Peru coca crop rises for sixth year: UN
Peru's coca crop increased by some 5.2% in 2011, according to the UN Office on Drugs and Crime (UNODC)—marking the sixth consecutive year that cultivation increased in the Andean nation. Some 64,400 hectares of coca cultivation were detected in satellite images, compared to the estimated 61,200 hectares cultivated in 2010. While the Upper Huallaga Valley and Apurímac-Ene River Valley (VRAE) continued to account for some 50% of Peru's illegal coca crop, the area under cultivation in these zones increased by only 1%. However, cultivation was up by over 40% in northern Peru, with the provinces of Putumayo and Bajo Amazonas (both in Loreto region) especially named—areas newly opened to cultivation, where the government carries out no eradication campaigns. "Drug traffickers are becoming more efficient," said Flavio Mirella, chief of UNODC's Peruvian office, during a presentation of the report in Lima. "Traffickers need less coca leaf to produce more cocaine. Routes of supply are diversifying and producing areas are getting closer to certain routes of exit" toward Bolivia and Brazil, he said. (Bloomberg, UNODC press release, Sept. 27; BBC News, Sept. 26*)
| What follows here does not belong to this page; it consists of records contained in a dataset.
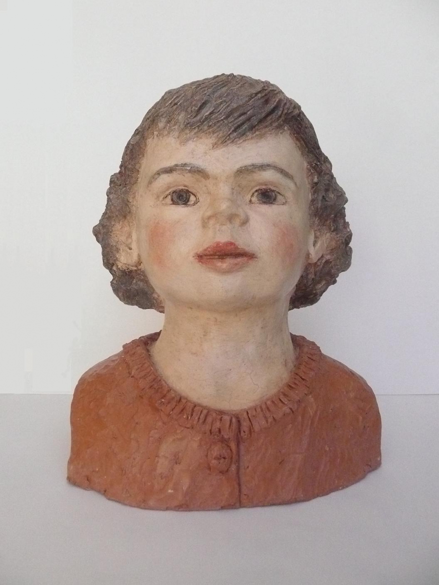 buste d'enfant en terre cuite blanche et rouge finition acrylique et cire
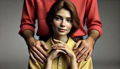 a young woman in a yellow button down blouse smiling and looking at the camera is supported by the hands of a man behind her in a red shirt
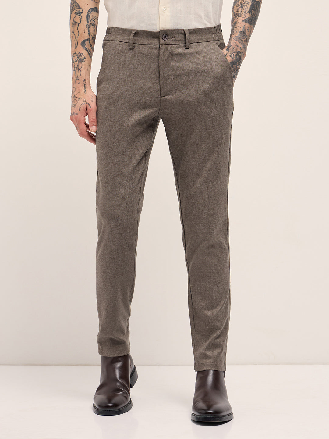 Shop Brown Slim Fit Formal Trousers with Side-Elasticated Waistband Online

Although Peru is rapidly catching up, Colombia remains South America's top producer of coca leaf, a position it has held since 1997, despite dropping production since 2006. Mirella said that Colombia in 2011 produced 41.6% of the world's coca, while Peru cultivated 40.7% and Bolivia 17.7%. (Colombia Reports, Sept. 26)
Peru has recently challenged claims by the US State Department that it is lagging in coca eradication efforts.
* Note that the figures in these reports do not quite match. We are going with those supplied by the UNODC press release.